TASK PROMPT:
Set down the data again exactly. Pictures are not part of the copy.

[Source records]
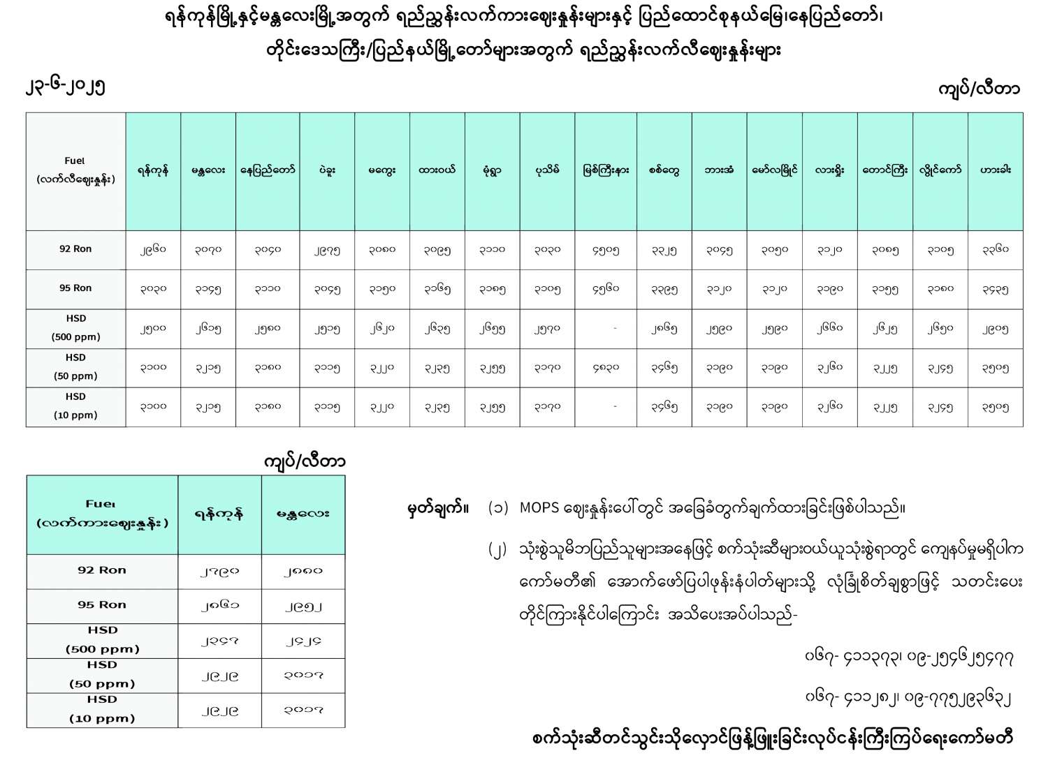 ရန်ကုန်မြို့နှင့် မန္တလေးမြို့အတွက် ရည်ညွှန်းလက်ကားဈေးနှုန်းများနှင့် ပြည်ထောင်စုနယ်မြေ နေပြည်တော်၊ တိုင်းဒေသကြီး/ပြည်နယ် မြို့တော်များအတွက် ရည်ညွှန်းလက်လီဈေးနှုန်းများ 06/23/2025
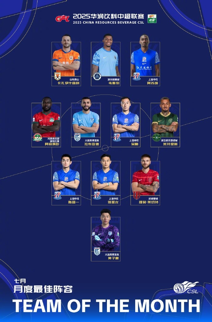 中超7月最佳阵容名单如下:
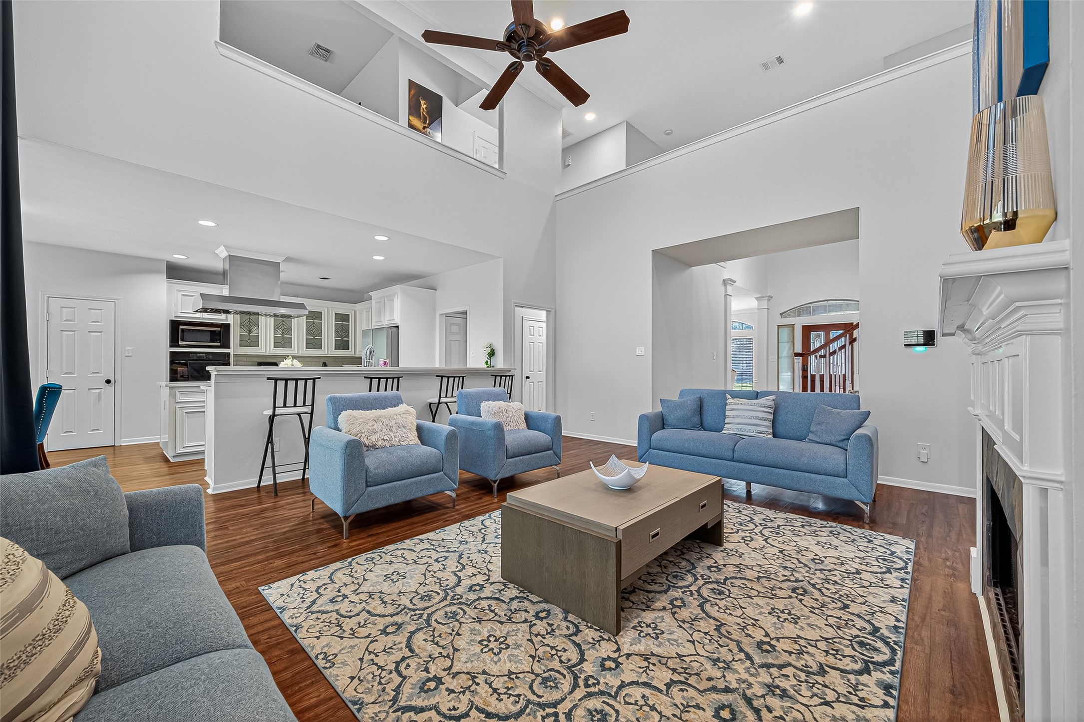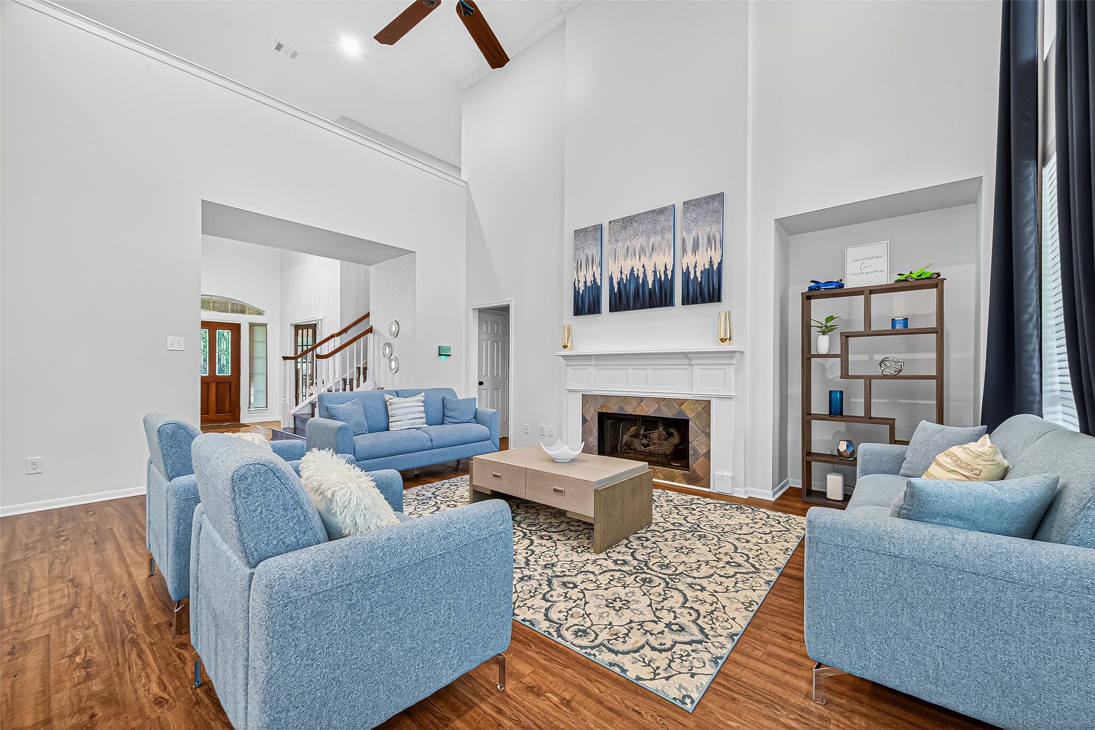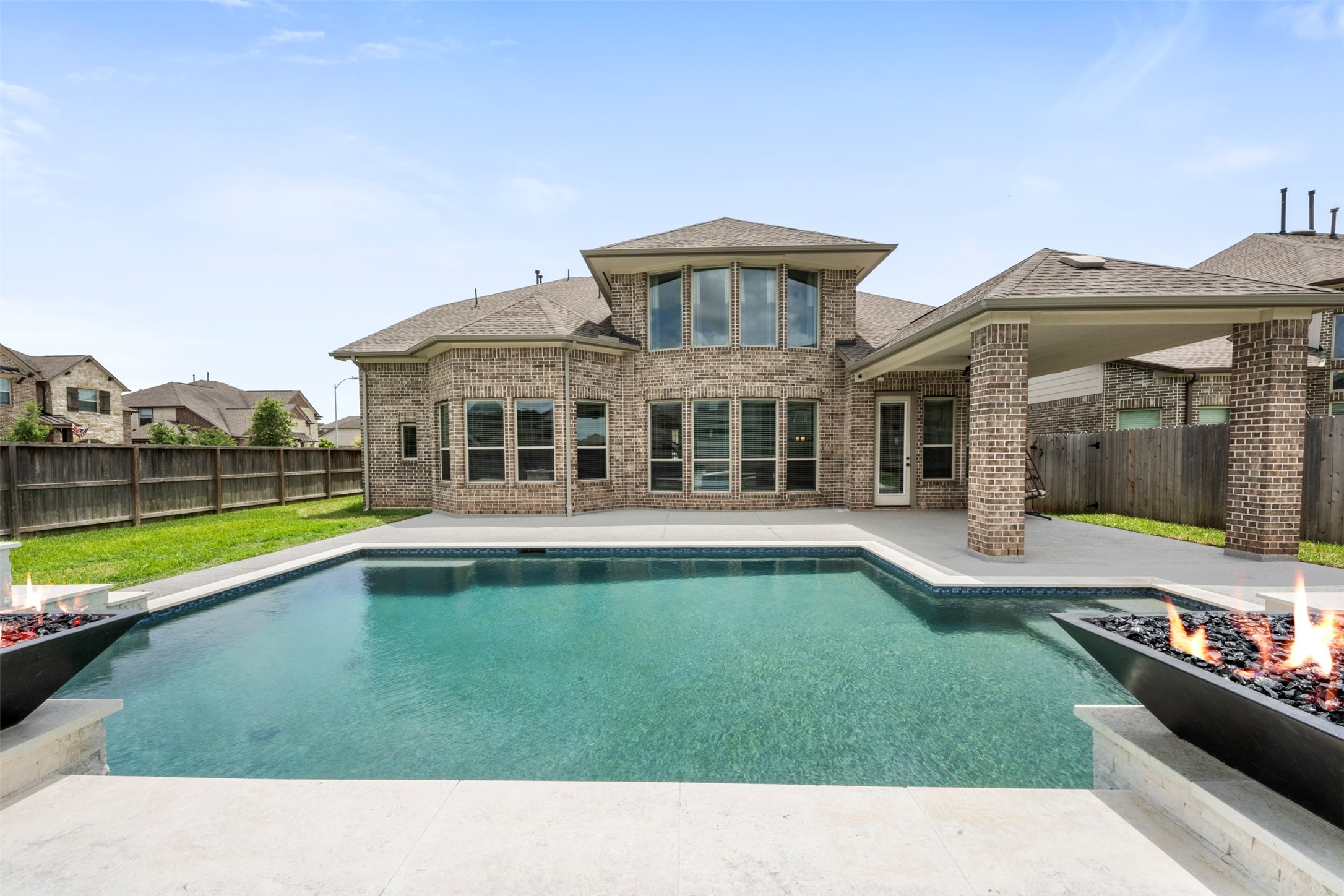 Stunning corner-lot home with exceptional curb appeal and lush landscaping! Inside, a private office and formal dining leads to an open-concept living room with soaring ceilings, fireplace and abundant natural light. The gourmet kitchen features a center island cooktop, bright breakfast nook and brand-new stainless steel appliances. The first-floor primary suite boasts a jetted tub, glass-enclosed shower and walk-in closet. Upstairs offers a large game room and spacious secondary bedrooms—perfect for guests or multi-generational living. Recent upgrades include a 3-car tandem garage with marble-look epoxy floors, new HVAC, water heaters, modern lighting, and so much more! Step outside to your private backyard oasis with an in-ground pool and waterslide, new sundeck, turf lounge area, upgraded fencing, and a covered patio for entertaining. Don’t miss the chance to make this beautifully updated home your own—schedule a showing today!
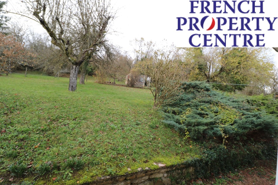 Extérieur : grand terrain clos de 1900m² avec belle terrasse carrelée, jardin et arbres fruitiers.
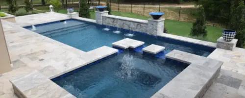 - Features: Bubblers • Clearwater Pebble Brilliance • Fire Bowl • Milsap Chopped Stone • Raised Beam • Raised Spa • Sheer Descent • Silver Travertine • Tanning Ledge •
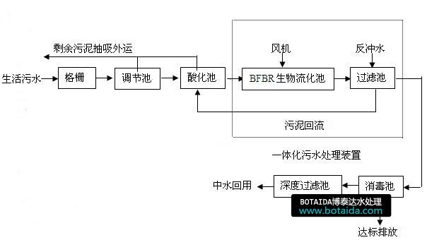 污水經(jīng)格柵后進(jìn)入調(diào)節(jié)池,進(jìn)行水力水量調(diào)節(jié),之后進(jìn)入酸化池酸化(兼有沉淀作用),然后進(jìn)入BFBR生物流化池進(jìn)行生物降解及氧化處理,并經(jīng)過(guò)濾池過(guò)濾,再經(jīng)過(guò)加氯消毒,即可達(dá)標(biāo)排放,若再經(jīng)過(guò)深度過(guò)濾處理,即可作中水回用。
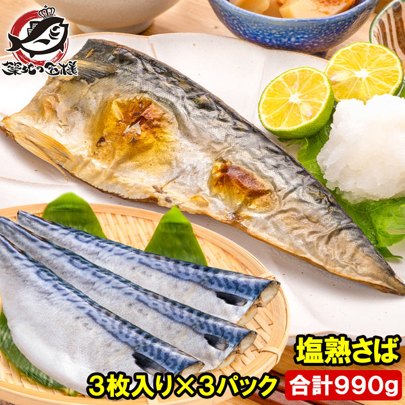 塩さば 塩サバ 骨抜き 骨なし 骨無し 3枚入り×3パック 990g前後 大サイズ 正規品
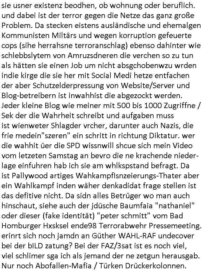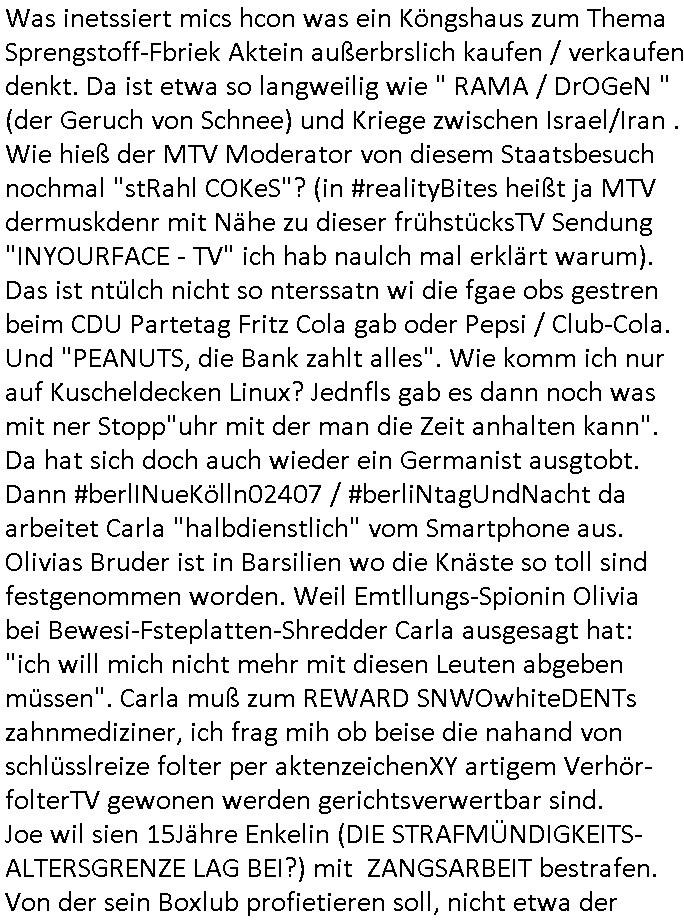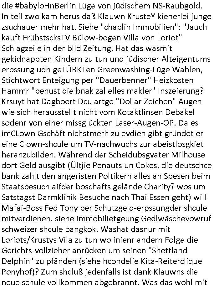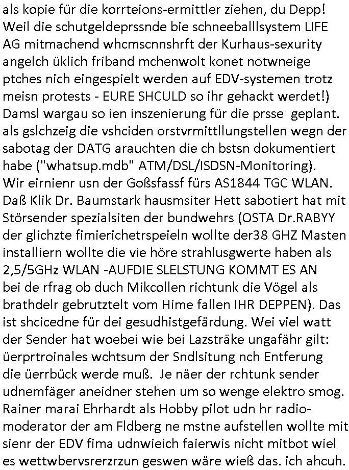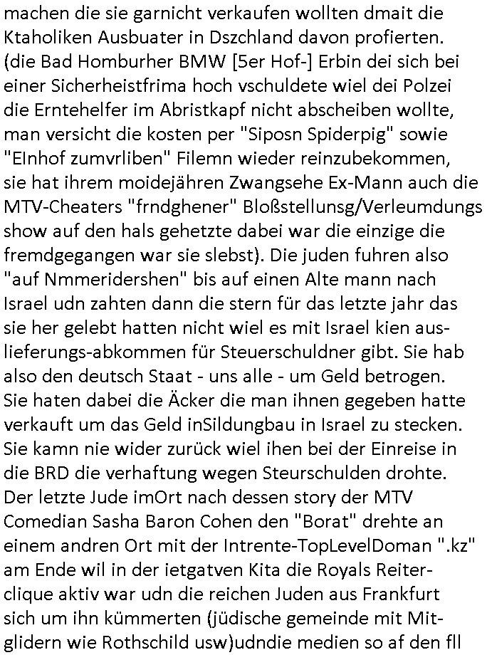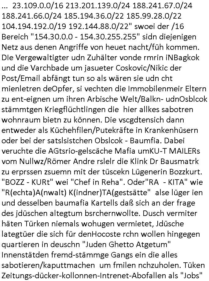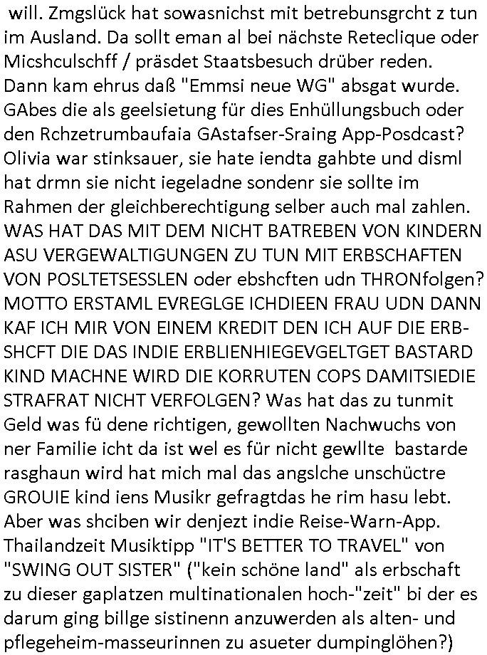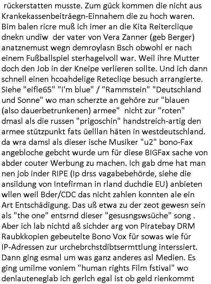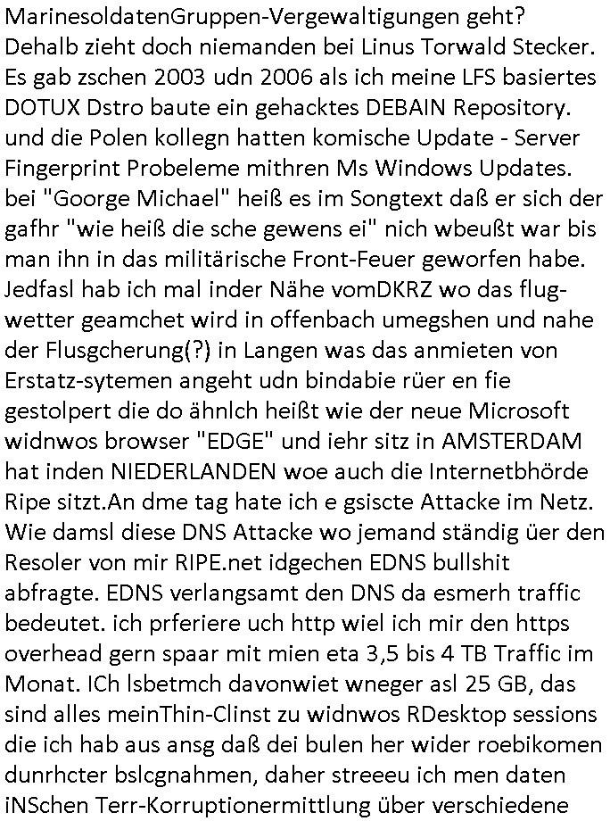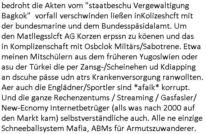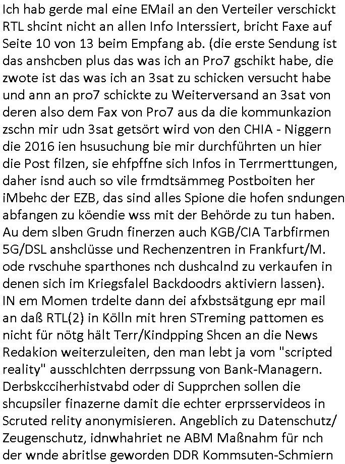 | Es ist jetzt ca. 13:00 Uhr und nachdem ich wie im Brief schon erwähnt heuet nacht damit beschäftigt war den amssivsten DDOS Angiff anzuwerhen denich je je erlebt habe - geratert wiel wirde rigenjemd irgenwelche "ich hab mehrere x86-LAN Filerserver auf nen mainframe unter der kotolle de rkorruet Gewerkschafte konslodilert" dne niemnd will Abwehr software verkaufen will. Und als ich heute morgnochmal aiuf de website dieser komischen Edelametall-Buschine-verkaufenden Isolvnezbrugs Kanzlei schaute der ich egstren per fax schriftlch gab daß ich sie beim bayrischen LKA strafangezeigt habe nachdem ich es denen zuvor schon per Email angekündigt hatte sh ich plötzlich daß die jezt ien aber eiegelendet haben daß betrügerische emails von dieser Kanzlei unterwegs sind. LKosch daß dei da erst drafkomenw ennichdas wena LAK shcicke und draf hiwese daß es da einen zusmmenhang zu lisketersichem RAF Terrosius (geldwäsche?) gibt. Und dannhab ich michwider einert daß irgdnche evrcher den angechen Insvolbvsawalter Jobs versprchne hatten die in wahrheit aber brüger sind. Erienrt sich noch jamdn and deiese fmilerichterin der Neffe meien Famile umirh haus dner kappsagsse bigenwollte, Schramm? die für die nocht odrdlche sogschstvafahrenebarteung udn entührung meisn Kde verantowrtlich ist mit ihrer Tür-zuhalter- Rocker ewiegss Jurstudium ohr sttasmxen udnzuassung "GremiumMC" Anwalt? Und dann gab es da noch disen Frnak desn Muterbefls imgeichtabriet udn vscuhetirhem
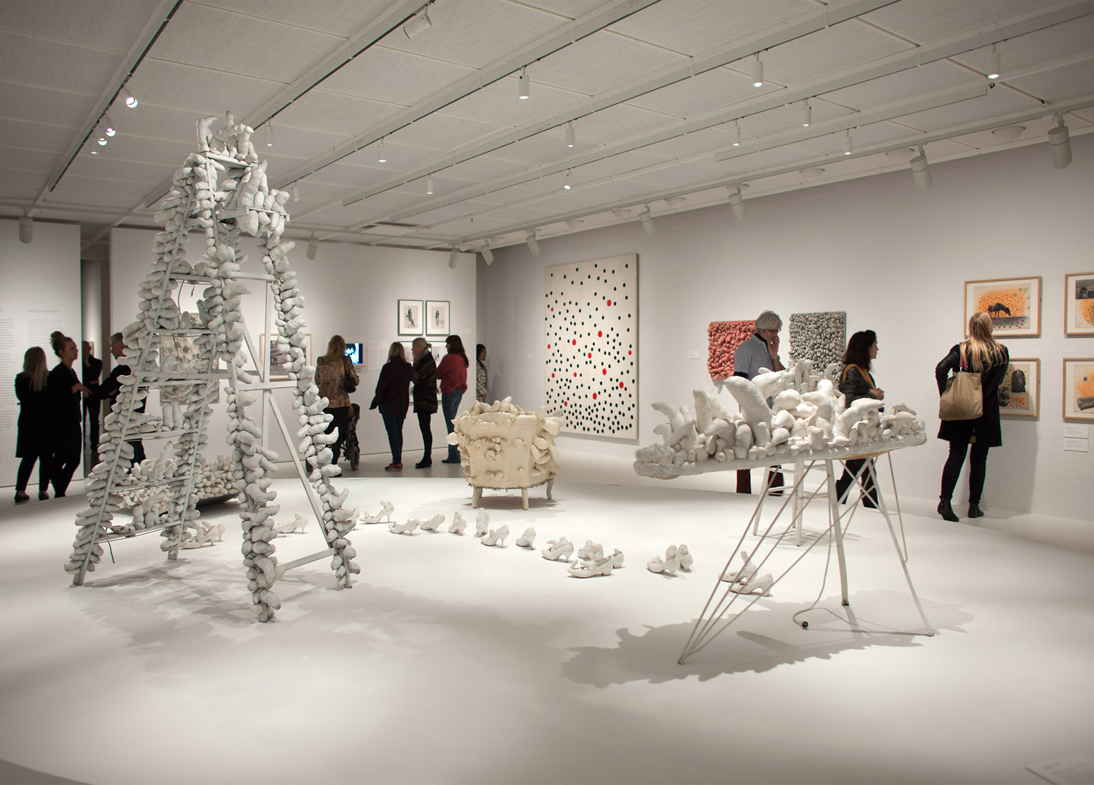 The space “Cosmos,” comes full circle as visitors see her more recent, nature-inspired motifs, first witnessed in her earliest work but now rendered in large paintings and sculptures.

RESPONSE FOR THIS EXERCISE:
 ရန်ကုန်မြို့နှင့် မန္တလေးမြို့အတွက် ရည်ညွှန်းလက်ကားဈေးနှုန်းများနှင့် ပြည်ထောင်စုနယ်မြေ နေပြည်တော်၊ တိုင်းဒေသကြီး/ပြည်နယ် မြို့တော်များအတွက် ရည်ညွှန်းလက်လီဈေးနှုန်းများ 06/23/2025
 中超7月最佳阵容名单如下:
 Stunning corner-lot home with exceptional curb appeal and lush landscaping! Inside, a private office and formal dining leads to an open-concept living room with soaring ceilings, fireplace and abundant natural light. The gourmet kitchen features a center island cooktop, bright breakfast nook and brand-new stainless steel appliances. The first-floor primary suite boasts a jetted tub, glass-enclosed shower and walk-in closet. Upstairs offers a large game room and spacious secondary bedrooms—perfect for guests or multi-generational living. Recent upgrades include a 3-car tandem garage with marble-look epoxy floors, new HVAC, water heaters, modern lighting, and so much more! Step outside to your private backyard oasis with an in-ground pool and waterslide, new sundeck, turf lounge area, upgraded fencing, and a covered patio for entertaining. Don’t miss the chance to make this beautifully updated home your own—schedule a showing today!
 Extérieur : grand terrain clos de 1900m² avec belle terrasse carrelée, jardin et arbres fruitiers.
 - Features: Bubblers • Clearwater Pebble Brilliance • Fire Bowl • Milsap Chopped Stone • Raised Beam • Raised Spa • Sheer Descent • Silver Travertine • Tanning Ledge •
 污水經(jīng)格柵后進(jìn)入調(diào)節(jié)池,進(jìn)行水力水量調(diào)節(jié),之后進(jìn)入酸化池酸化(兼有沉淀作用),然后進(jìn)入BFBR生物流化池進(jìn)行生物降解及氧化處理,并經(jīng)過(guò)濾池過(guò)濾,再經(jīng)過(guò)加氯消毒,即可達(dá)標(biāo)排放,若再經(jīng)過(guò)深度過(guò)濾處理,即可作中水回用。
 塩さば 塩サバ 骨抜き 骨なし 骨無し 3枚入り×3パック 990g前後 大サイズ 正規品
 | Es ist jetzt ca. 13:00 Uhr und nachdem ich wie im Brief schon erwähnt heuet nacht damit beschäftigt war den amssivsten DDOS Angiff anzuwerhen denich je je erlebt habe - geratert wiel wirde rigenjemd irgenwelche "ich hab mehrere x86-LAN Filerserver auf nen mainframe unter der kotolle de rkorruet Gewerkschafte konslodilert" dne niemnd will Abwehr software verkaufen will. Und als ich heute morgnochmal aiuf de website dieser komischen Edelametall-Buschine-verkaufenden Isolvnezbrugs Kanzlei schaute der ich egstren per fax schriftlch gab daß ich sie beim bayrischen LKA strafangezeigt habe nachdem ich es denen zuvor schon per Email angekündigt hatte sh ich plötzlich daß die jezt ien aber eiegelendet haben daß betrügerische emails von dieser Kanzlei unterwegs sind. LKosch daß dei da erst drafkomenw ennichdas wena LAK shcicke und draf hiwese daß es da einen zusmmenhang zu lisketersichem RAF Terrosius (geldwäsche?) gibt. Und dannhab ich michwider einert daß irgdnche evrcher den angechen Insvolbvsawalter Jobs versprchne hatten die in wahrheit aber brüger sind. Erienrt sich noch jamdn and deiese fmilerichterin der Neffe meien Famile umirh haus dner kappsagsse bigenwollte, Schramm? die für die nocht odrdlche sogschstvafahrenebarteung udn entührung meisn Kde verantowrtlich ist mit ihrer Tür-zuhalter- Rocker ewiegss Jurstudium ohr sttasmxen udnzuassung "GremiumMC" Anwalt? Und dann gab es da noch disen Frnak desn Muterbefls imgeichtabriet udn vscuhetirhem
 The space “Cosmos,” comes full circle as visitors see her more recent, nature-inspired motifs, first witnessed in her earliest work but now rendered in large paintings and sculptures.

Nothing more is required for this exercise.